In the records below, find the line that contains "Dokter spesialis tersebut" and the line that contains "計画的に投資している人は男性で34%、女性で26%という結果になりました。"; write out exactly those two lines and everything between them, without the pictures.

*** SOURCE RECORDS Section Begins ***

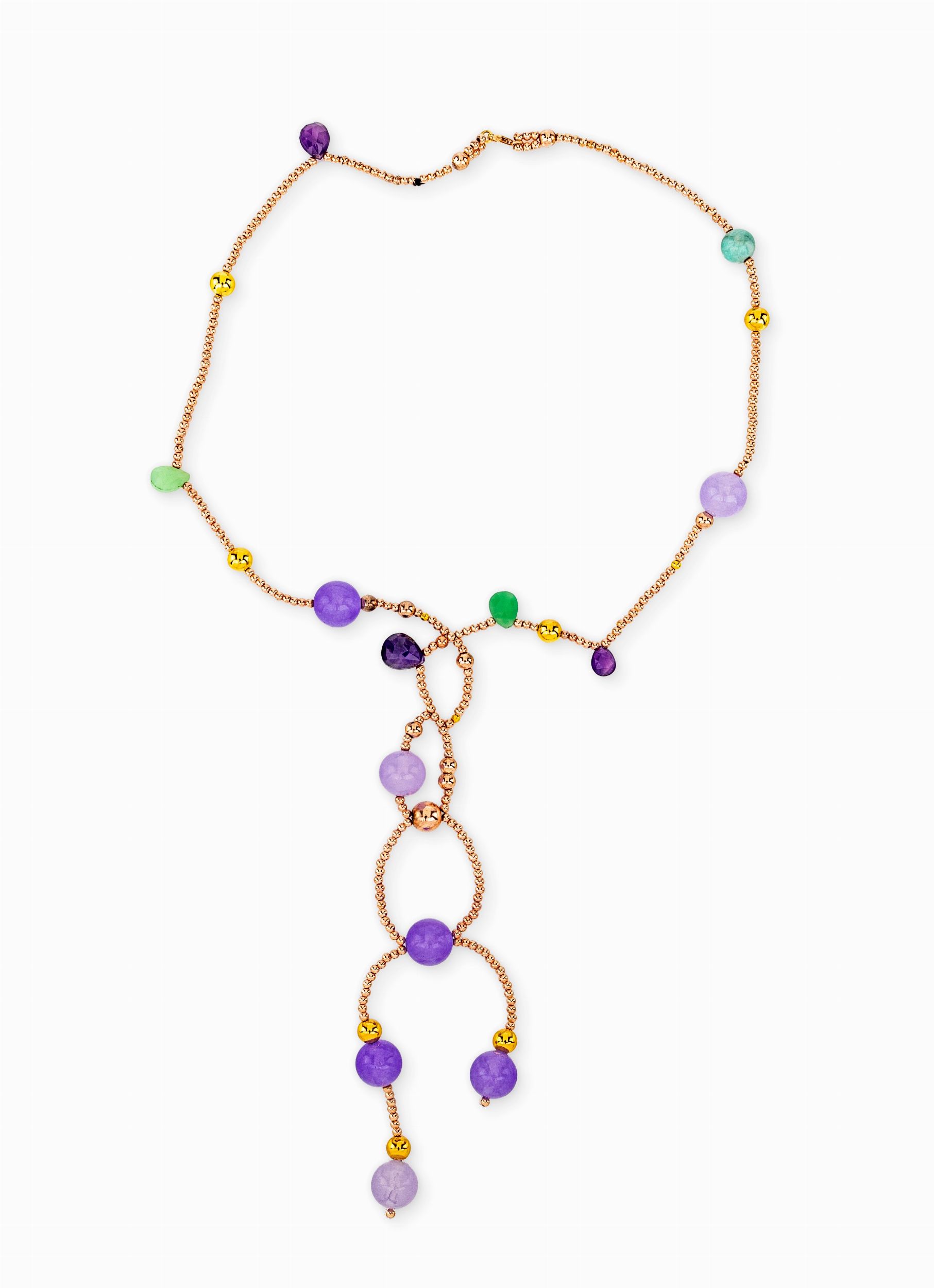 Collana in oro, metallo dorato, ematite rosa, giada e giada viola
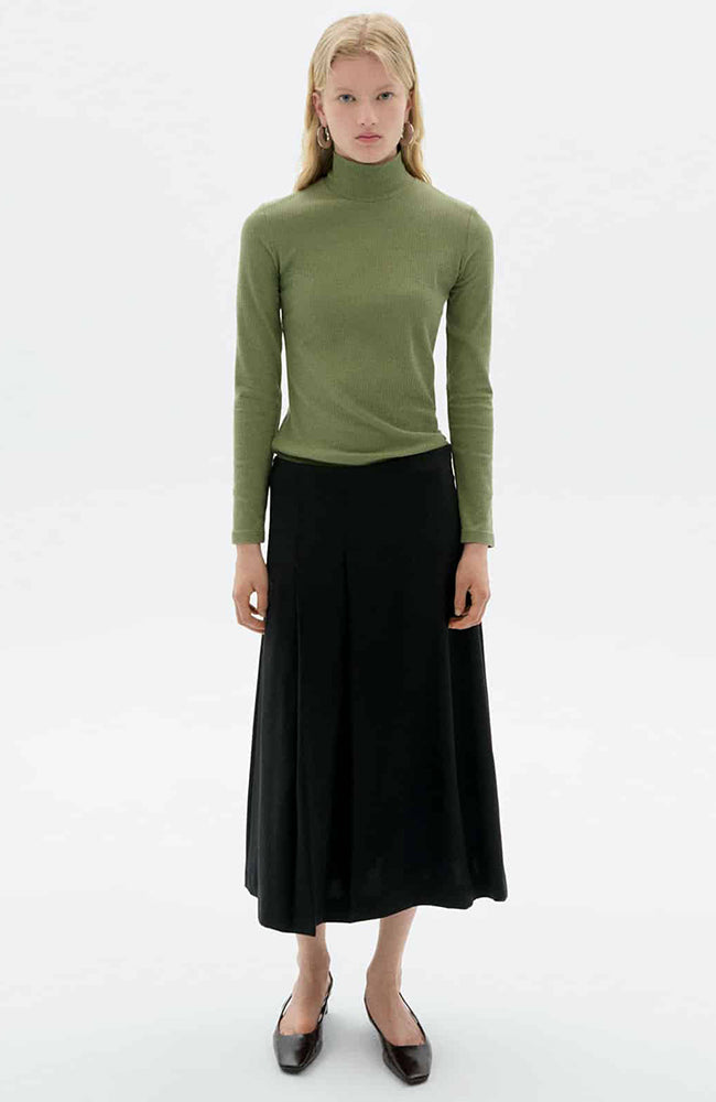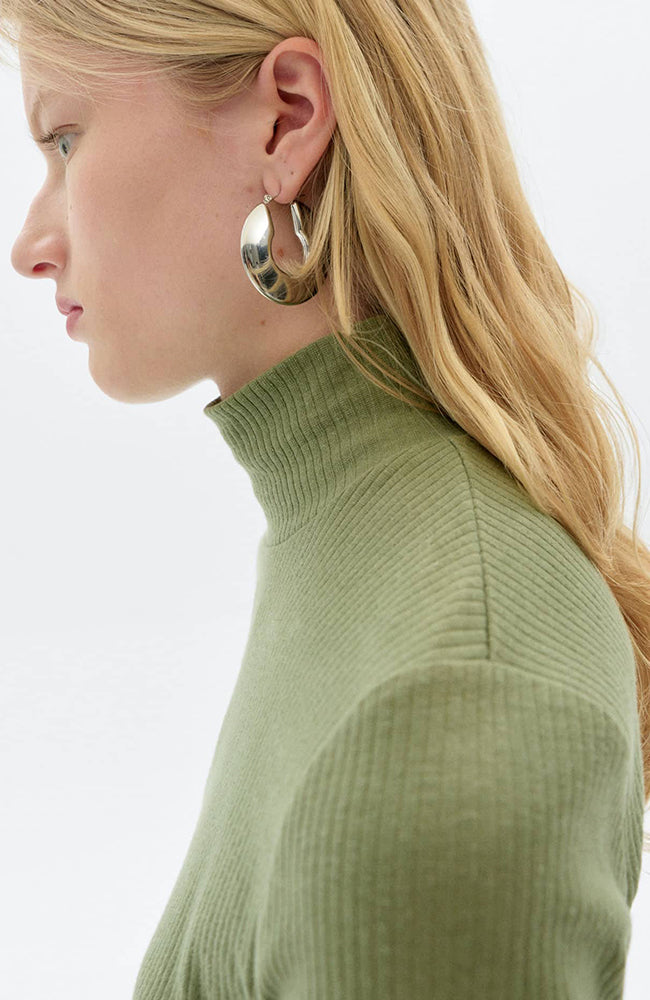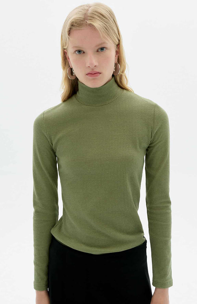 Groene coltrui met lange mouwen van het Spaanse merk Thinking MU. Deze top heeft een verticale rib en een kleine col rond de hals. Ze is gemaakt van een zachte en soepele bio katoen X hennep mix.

*** SOURCE RECORDS Section Ends ***
*** SOURCE RECORDS Section Begins ***

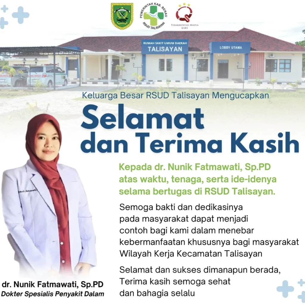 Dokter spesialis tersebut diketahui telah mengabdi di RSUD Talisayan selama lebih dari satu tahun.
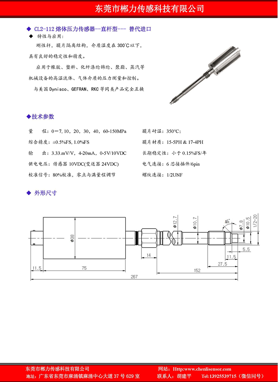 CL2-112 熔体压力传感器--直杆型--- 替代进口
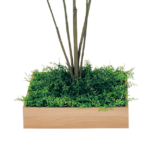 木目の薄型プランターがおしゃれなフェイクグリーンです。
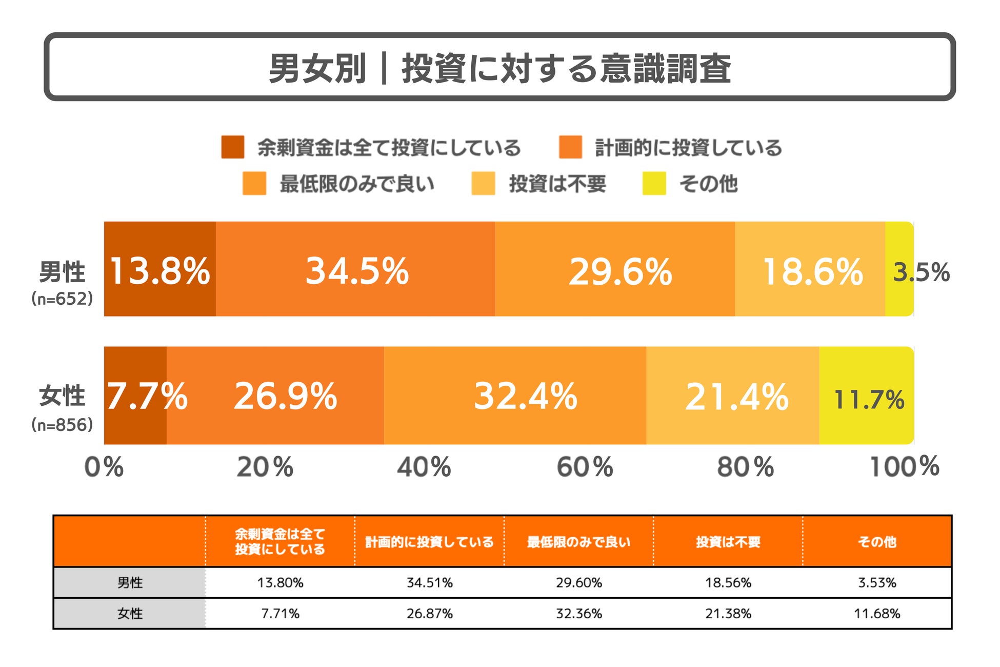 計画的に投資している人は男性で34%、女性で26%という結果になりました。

*** SOURCE RECORDS Section Ends ***

§ SOLUTION TO THE EXERCISE
 Dokter spesialis tersebut diketahui telah mengabdi di RSUD Talisayan selama lebih dari satu tahun.
 CL2-112 熔体压力传感器--直杆型--- 替代进口
 木目の薄型プランターがおしゃれなフェイクグリーンです。
 計画的に投資している人は男性で34%、女性で26%という結果になりました。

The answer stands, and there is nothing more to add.